# -- Warning -- Tile Fail



## m1911 (Feb 24, 2009)

onmywayup said:


> Easy now man, easy. I could start drinking bourbon at breakfast continue all morning , lay that tile in the afternoon, blindfolded with one arm tied behind my back, and STILL be half the hack this old boy clearly is.
> 
> Sent from my SM-G930V using Tapatalk


F I F Y:laughing:


----------



## Texas Wax (Jan 16, 2012)

MarkJames said:


> Sure, style and taste is one thing, but materials is another. 3"x12" strips for the 12" high mosaic was a wrong move.
> 
> (Side note...it's still ugly!)


they were 12x12s. The 3" strip was a cut that didn't match the bond. Pretty sure it's home despot or other box store mosaic. Hot melt on the poly mesh ... The Texas heat, returns, mixed lots all make for some very inconsistent dimensional stability. Seen mosaic that varied up to 1/4" from the box stores. :laughing: You can return it all day long, but they rarely have enough in stock to do anything of substance with any consistency.


----------



## CO762 (Feb 22, 2010)

Texas Wax said:


> Don't even think Walmart or even the Dollar stores would accept this in the backrooms


think again...it's all over the place.
I saw some carpenters (?) doing tenant finish with what looked like a brand new rigid tile saw...and it was worse than your pic.


----------



## CO762 (Feb 22, 2010)

RossDesignBuild said:


> I just don't understand how you can be that bad.


some can and know it, some can and don't know it, owners can not know it or know it and not care.
I long ago stopped trying to help/educate people and just let the market give them what they want.


----------



## Texas Wax (Jan 16, 2012)

CO762 said:


> think again...it's all over the place.
> I saw some carpenters (?) doing tenant finish with what looked like a brand new rigid tile saw...and it was worse than your pic.


That being my point, they accept chit work. Schedule, cost... all make it easy to overlook the bad. This job as a whole, crosses, even that line.


----------



## CO762 (Feb 22, 2010)

Texas Wax said:


> That being my point, they accept chit work. Schedule, cost... all make it easy to overlook the bad.


That's what I don't understand. Who is this "they"? On these commercial jobs, increase their holdbacks or some quality component into performance bonds? I can understand on large jobs where one can walk away and stick someone else to do the repairs, but clearly a lot of these hack and slaps aren't repairs.

So much I don't understand.


----------



## MarkJames (Nov 25, 2012)

CO762 said:


> That's what I don't understand. Who is this "they"? On these commercial jobs, increase their holdbacks or some quality component into performance bonds? I can understand on large jobs where one can walk away and stick someone else to do the repairs, but clearly a lot of these hack and slaps aren't repairs.
> 
> So much I don't understand.


Lack of effort on the client's part. Everybody's so busy that they just roll the dice with whomever them pick, then let it happen.
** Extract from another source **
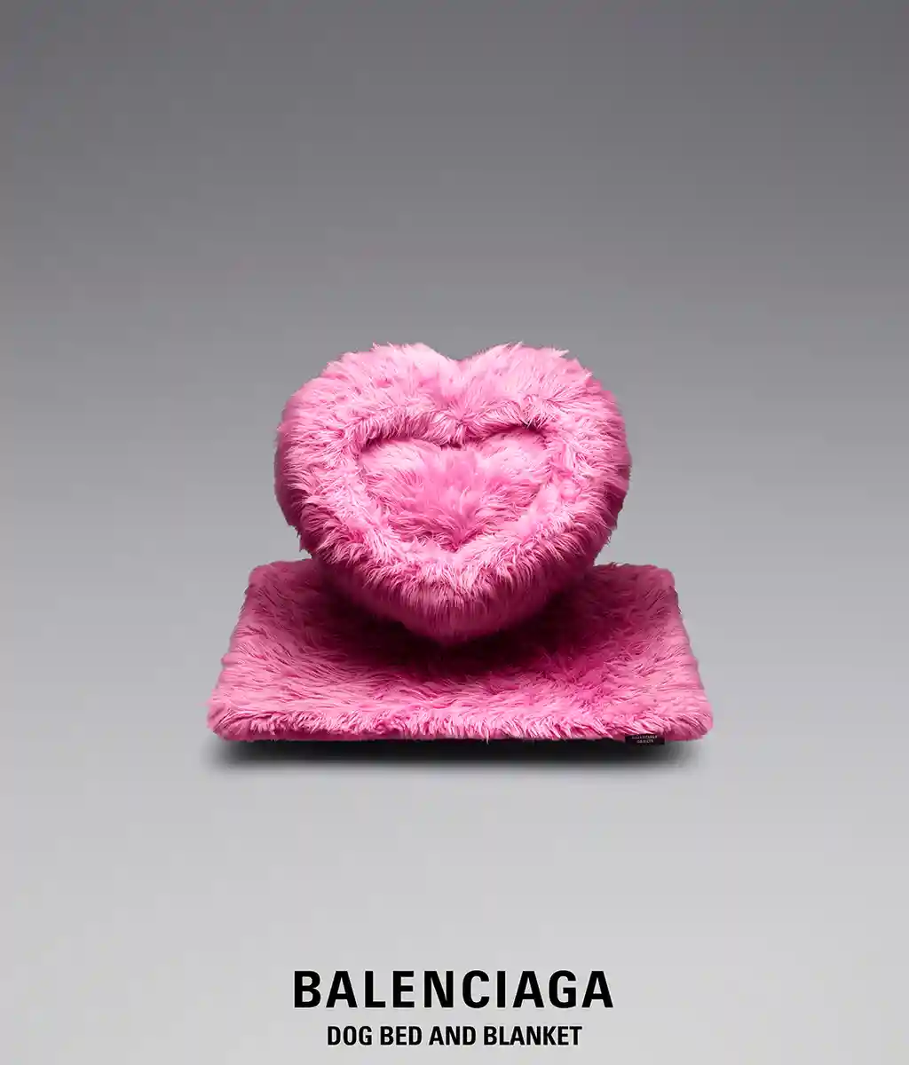On Wednesday, Brooke McCord, Digital Director at THE FACE, was spotted cooing over Balenciaga’s Objects line, a newly-launched range of products that includes a £615 lunchbox, beer coasters, a beer can candle holder and a very modest sofa. And for the four-legged babe in your life, a fluffy pink, heart-shaped dog bed, blanket and necklace with a personalised tag. A source close to McCord reports she was considering the spiked dog bowl.

I'm so sick of following up crap work, too. I just saw a 100k+ kitchen where some "10 Thumbs Harry" recaulked everywhere with about two tubes of almond silicone caulk all over sinks and backsplash...up to 1 1/2" wide on corners and the undermount bowls. Absolutely incredible.


----------



## CO762 (Feb 22, 2010)

MarkJames said:


> I'm so sick of following up crap work, too.


thus why I got out of the hack and slap "I can do tile" trade.


----------